Nike Inc (NKE)

Nike Inc (NKE)

Postby iam802 » Fri Sep 23, 2011 11:36 pm

Nike Surges After Raising Revenue Forecast

http://www.bloomberg.com/news/2011-09-2 ... -2012.html

Nike Inc. (NKE), the world’s largest sporting-goods maker, advanced as much as 6.8 percent after profit topped analysts’ estimates and it raised a sales forecast amid concern that the global economy is weakening.
Nike rose $5.12, or 6 percent, to $89.30 at 10:08 a.m. in New York Stock Exchange composite trading. The shares had fallen 1.5 percent this year through yesterday.

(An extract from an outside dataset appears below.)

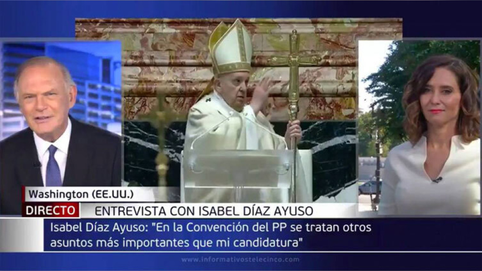 Durante la entrevista, Ayuso también anunció que a partir del próximo lunes pondrá fin a todas las restricciones de aforo en la región. Pero el momentazo de la entrevista llegó cuando Piqueras, con una media sonrisa en su cara, le preguntó a Ayuso por su crítica al Papa Francisco por pedir perdón a México por los daños causados por la Iglesia católica durante la conquista de América por parte de los españoles. "Vamos, que no le basta con emprenderla aquí contra Pedro Sánchez, que hasta con el Papa tiene usted una disputa, ¿Tiene algo que decir al respecto?".

Net income in the quarter ended Aug. 31 rose 15 percent to $645 million, or $1.36 a share, from $559 million, or $1.14, a year earlier, the Beaverton, Oregon-based company said yesterday in a statement. Earnings topped the $1.21 a share projected by analysts, the average of 18 estimates. Nike’s profit has surpassed analysts’ projections in 20 of the past 21 quarters.

Chief Executive Officer Mark Parker has been trying to overcome rising costs for raw materials and transporting goods by cutting operating expenses. Nike’s gross margin, the percentage of sales left after the cost of goods sold, narrowed by 2.7 percentage points, less than the company’s projection for a 3 percentage point decline.

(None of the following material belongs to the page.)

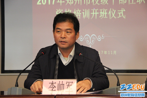 为了加强校长队伍建设,落实校长持证上岗制度,11月13日上午,郑州市教育局校级干部任职资格培训在河南师范大学教育学院开班,局属学校和单位的94校级干部将在这里参加为期两周的第一阶段的研修培训。河南师范大学教育学院党委书记李帅军等参加开班仪式。

“This is a fantastic quarter,” Camilo Lyon, an analyst for Canaccord Genuity Corp. in New York, said yesterday. “Nike understands how to reach the consumer with relevant product, and this is further evidence of that.”
Lyon has a “hold” rating on Nike shares.

Orders Rise
Revenue this fiscal year will increase in the low- to mid- teen percentage range, Chief Financial Officer Don Blair said yesterday on a conference call with analysts. The company forecast high-single to low-double digits in June.
Gross margin for the quarter fell less than forecast as Nike’s direct-to-consumer unit performed better than expected with same-store sales increasing 17 percent, Blair said on the call. Gross margins may narrow as much as 2 percentage points in the second quarter before improving in the second half of the fiscal year, he said.

Orders for the Nike brand scheduled for delivery from September to January increased 13 percent, excluding currency fluctuations, according to the statement. That topped the average of six analysts’ estimates compiled by Bloomberg for a gain of 9.8 percent.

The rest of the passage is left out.